Goal of the exercise: Exclude the pictures, and otherwise reproduce the data in full.

(Beginning of Data provided)

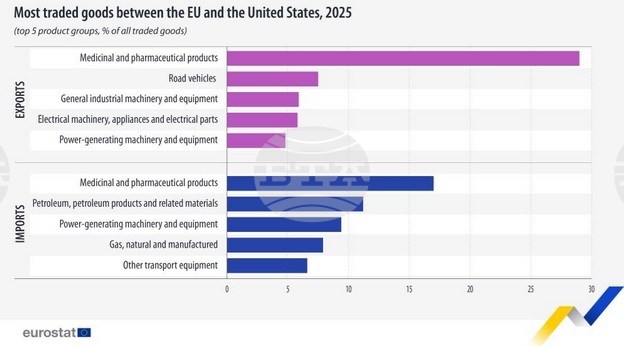 През 2025 г. Европейският съюз е изнесъл за САЩ стоки на стойност 554 млрд. евро, а е внесъл за 354,4 млрд. евро, което води до търговски излишък от 199,6 млрд. евро - най-високият за последните 10 години, въпреки наложените мита от президента на САЩ Доналд Тръмп. Това съобщи днес европейската статистическа служба Евростат на сайта си.
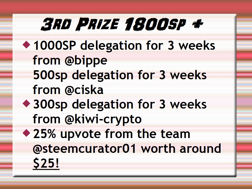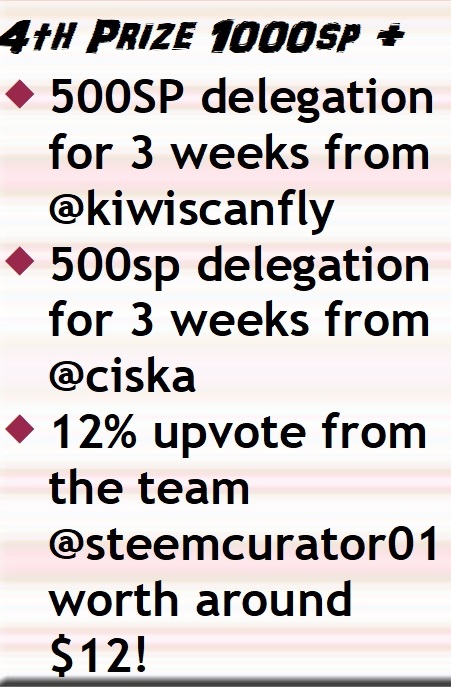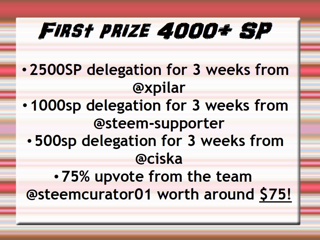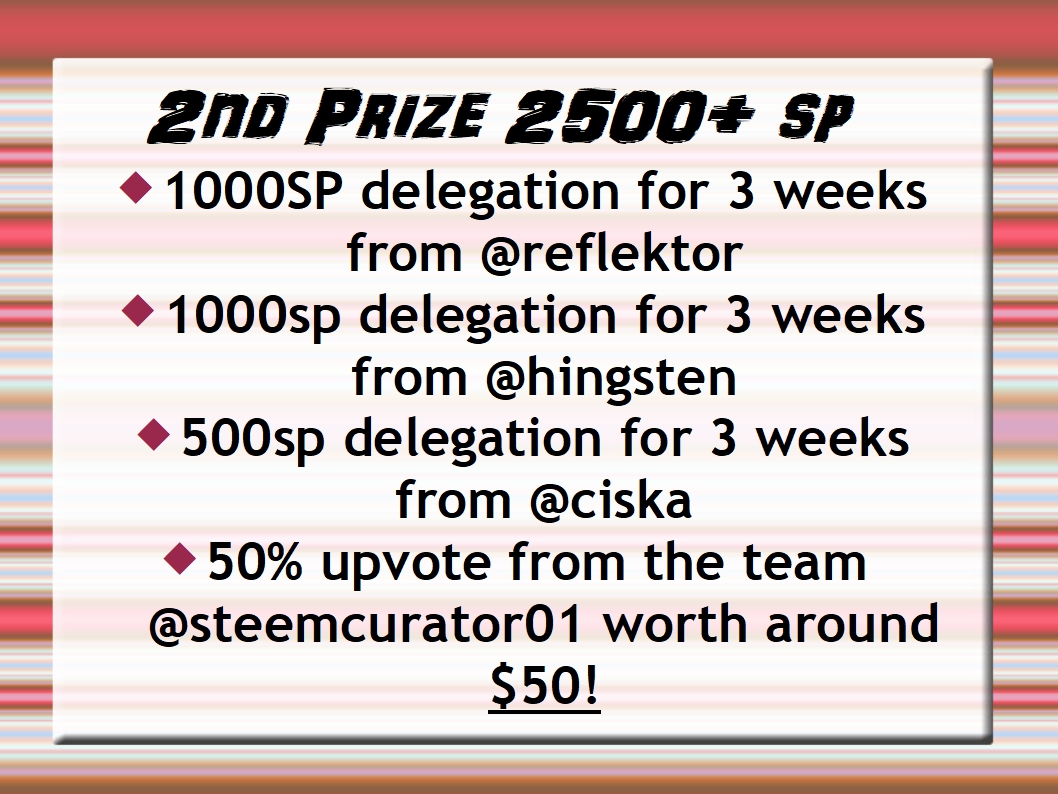 @steemcurator01 here are the posts for you to upvote as per the prize list
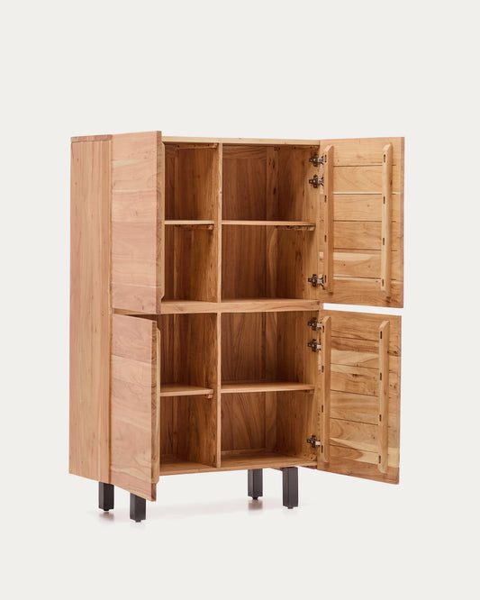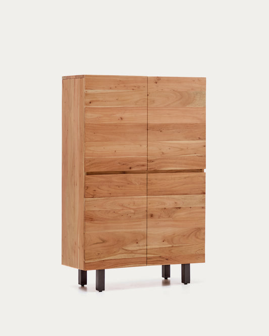 Buffet haut Uxue 4 portes en bois d’acacia avec finition blanchie et acier noir 100 x 155 cm
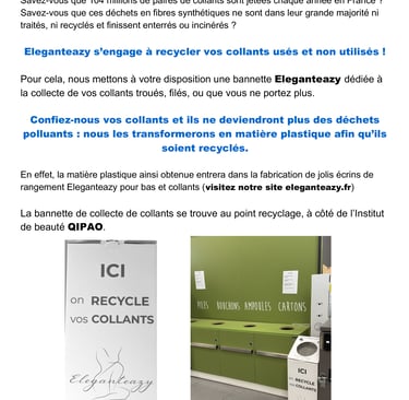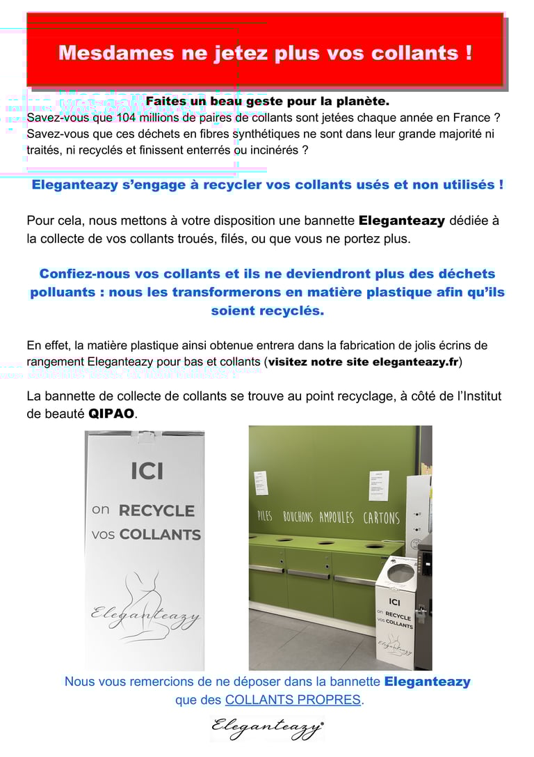 Demandez à vos proches, mères, sœurs, filles, amies, collègues, ... de ne plus jeter leurs collants usés et non utilisés,

(End of Data provided)

Solution below:
 През 2025 г. Европейският съюз е изнесъл за САЩ стоки на стойност 554 млрд. евро, а е внесъл за 354,4 млрд. евро, което води до търговски излишък от 199,6 млрд. евро - най-високият за последните 10 години, въпреки наложените мита от президента на САЩ Доналд Тръмп. Това съобщи днес европейската статистическа служба Евростат на сайта си.
 @steemcurator01 here are the posts for you to upvote as per the prize list
 Buffet haut Uxue 4 portes en bois d’acacia avec finition blanchie et acier noir 100 x 155 cm
 Demandez à vos proches, mères, sœurs, filles, amies, collègues, ... de ne plus jeter leurs collants usés et non utilisés,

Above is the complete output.